The BAC at the decoders also makes sure the relative branches and direct branches have the correct branch target prediction after calculating the absolute address from the instruction itself and comparing it with it, if not, a BACLEAR is issued. For relative jumps, static prediction in the BAC uses the sign bit of the jump displacement to statically predict taken / not taken if a prediction has not been made but also overrides all return predictions as taken if the BTB does not support return entry types (it doesn't on P6 and makes no prediction, instead the BAC uses the BPU's RSB mechanism and it is the first point in the pipeline that a return instruction is acknowledged) and overrides all register indirect branch predictions as taken on P6 (because there is no IBTB) as it uses the statistic that more branches are taken that not. The BAC calculates and inserts the absolute target from the relative target into the uop and inserts the IP delta into the uop and inserts the fall through IP (NLIP) into the BPU's BIT, which may be tagged to the uop, or more likely the BIT entries work on a corresponding circular queue which will stall if there aren't enough BIT entries, and the indirect target prediction or known target is inserted into the uop 64 bit immediate field. These fields in the uop are used by the allocator for allocation into the RS/ROB later on. The BAC also informs the BTB of any spurious predictions (non branch instructions) that need their entries deallocating from the BTB. At the decoders, branch instructions are detected early in the logic (when prefixes are decoded and the instruction is examined to see if it can be decoded by the decoder) and the BAC is accessed in parallel with the rest. The BAC inserting the known or otherwise predicted target into the uop is known as converting an auop into a duop.
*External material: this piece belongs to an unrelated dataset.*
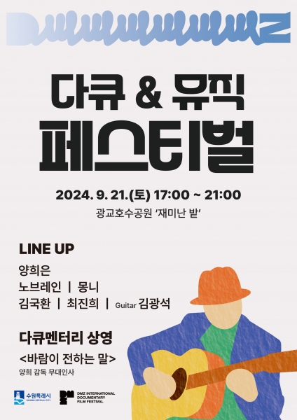 [금요저널] 수원시가 DMZ국제다큐멘터리영화제와 함께 준비한 ‘다큐 &뮤직 페스티벌’ 이 9월 21일 오후 5시 광교호수공원 재미난 밭에서 열린다.

The prediction is encoded into the uop opcode.
The BAC likely instructs the BTB to speculatively update its BTB for the detected branch instruction's IP. If the target is now known and no prediction was made for it (meaning it wasn't in the cache) -- it is still speculative as although the branch target is known for certain, it still could be on a speculative path, so is marked with a speculative bit -- this will now immediately provide early steers especially for unconditional branches now entering the pipeline but also for conditional, with a blank history so will predict not taken next time, rather than having to wait until retire).
The IQ above contains a bitmask field for branch prediction directions (BTBP) and branch predictions made / no prediction made (BTBH) (to distinguish which of the 0s in the BTBP are not taken as opposed to no prediction made) for each of the 8 instruction bytes in an IQ line as well as the target of a branch instruction, meaning there can only be one branch per IQ line and it ends the line. This diagram does not show the branch instruction mask produced by the predecoder that shows what instructions actually are branches such that the IQ knows what not-made predictions it needs to make a prediction for (and what ones are not branch instructions at all).
The IQ is a contiguous block of instruction bytes and the ILD populates 8-bit bitmasks which identify the first opcode byte (OpM) and instruction end byte (EBM) of each macroinstruction as it wraps round bytes into the IQ. It probably also provides bits indicating whether it is a complex instruction or a simple instruction (as suggested by the 'predecode bits' on many AMD patents). The gaps between these markers are implicitly prefix bytes for the following instruction. I'm thinking the IQ is designed such that the uops it issues in the IDQ/ROB will rarely outrun the IQ such that the head pointer in the IQ starts overwriting macroinstructions still tagged in the IDQ waiting to be allocated, and when it does, there is a stall, so the IDQ tags refer back to the IQ, which the allocator accesses. I think the ROB uses this uop tag as well. The IQ on SnB if 16 bytes * 40 entries contains 40 macroops in the worst case, 320 in the average case, 640 in the best case. The number of uops these produce will be much greater, so it will rarely outrun, and when it does, I guess it stalls decode until more instructions retire. The tail pointer contains the recently allocated tag by the ILD, the head pointer contains the next macroinstruction instruction waiting to retire, and the read pointer is the current tag to be consumed by the decoders (which moves towards the tail pointer). Although, this becomes difficult now that some if not the majority of the uops in the path come from the uop cache since SnB. The IQ may be allowed to outrun the back end in the event that uops are not tagged with the IQ entries (and the fields in the IQ are instead inserted into uops directly), and this will be detected and the pipeline will just be resteered from the beginning.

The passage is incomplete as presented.